By genetically
engineering massively obese mice, an international team of scientists has
uncovered how the brain tells the body to burn calories and lose weight.
The finding
could lead to a better understanding of the processes linked to obesity
and help researchers develop new weight-loss drugs.
"The goal is
to understand the wiring behind diet control," senior researcher Bradford
Lowell, of Beth Israel Deaconess Medical Center, told United Press International.
No matter how
little or how much people eat, some remain obese while others stay lean,
Lowell said. Even identical twins can demonstrate remarkable differences.
One key biochemical
mechanism for shedding weight is an internal furnace that converts food
directly into body heat instead of stored fat, a complicated process called
"diet-induced thermogenesis," he said.
Scientists
long have assumed the nervous system maintains important links to this
intricate system, but until now there has been no direct evidence. Lowell
and researchers both in the United States and Italy focused their attention
on protein structures that dot the surfaces of cells. These proteins, known
as beta adrenergic receptors, latch onto and are activated by brain-released
biochemicals such as adrenaline and its cousin norepinephrine.
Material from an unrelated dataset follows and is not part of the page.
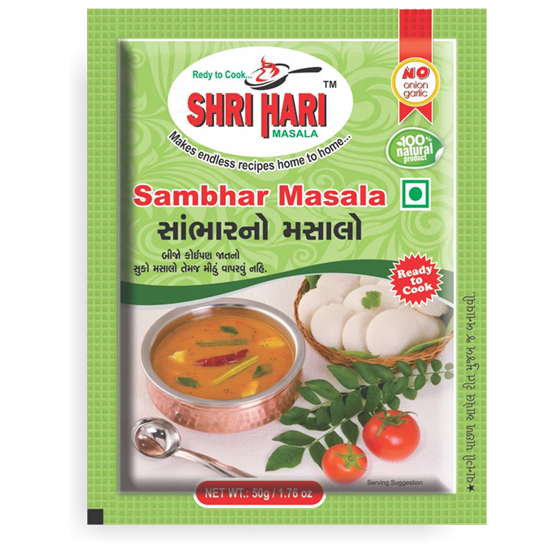 Shri Hari Sambhar Masala is a premium spice blend crafted to create authentic South Indian Sambar at home. Made with a balanced mix of aromatic spices, it enhances the flavor, aroma, and color of lentil and vegetable stews, delivering traditional taste with ease.

Both are neurotransmitters,
key components in the body's "fight or flight" system. They increase heart
rate, metabolism and blood flow to muscles.
Lowell and his
team knocked out the genes for all three known beta adrenergic receptors
in laboratory mice.
When the genetically
altered mice were fed standard rat chow, they became only mildly obese
after 20 weeks, and both normal and "beta-less" mice weighed about 25 grams
at about three months of age.
However, when
given a high-calorie, high-fat diet, the beta-less mice grew "massively
obese" over eight weeks, Lowell said, gaining 27 grams on average compared
to only six grams among normal mice. "I never expected an effect as big
as I saw in these mice," he noted. "That's all fat that they gained."
Both the beta-less
mice and their normal counterparts ate identical amounts of food. "The
beta-less group could not expend the extra calories," lead researcher Eric
Bachman, also of Beth Israel Deaconess, explained.
Future research
should pinpoint which tissues the receptors are activating, with prime
candidates the liver, kidneys, heart, muscles and even fatty tissue, physiologist
Abdul Dulloo, of the University of Fribourg in Switzerland, told UPI. This
should "lead to the development of safer and more efficacious drugs that
raise metabolic rate," he said.
Dulloo cautioned,
however, that mouse results do not necessarily carry over to humans, given
differences in genetic makeup and "problems in scaling from a 30-gram mouse
to a 75-kilogram human -- a 2,500-fold increase."
The findings
are published in the Aug. 2 issue of the journal Science.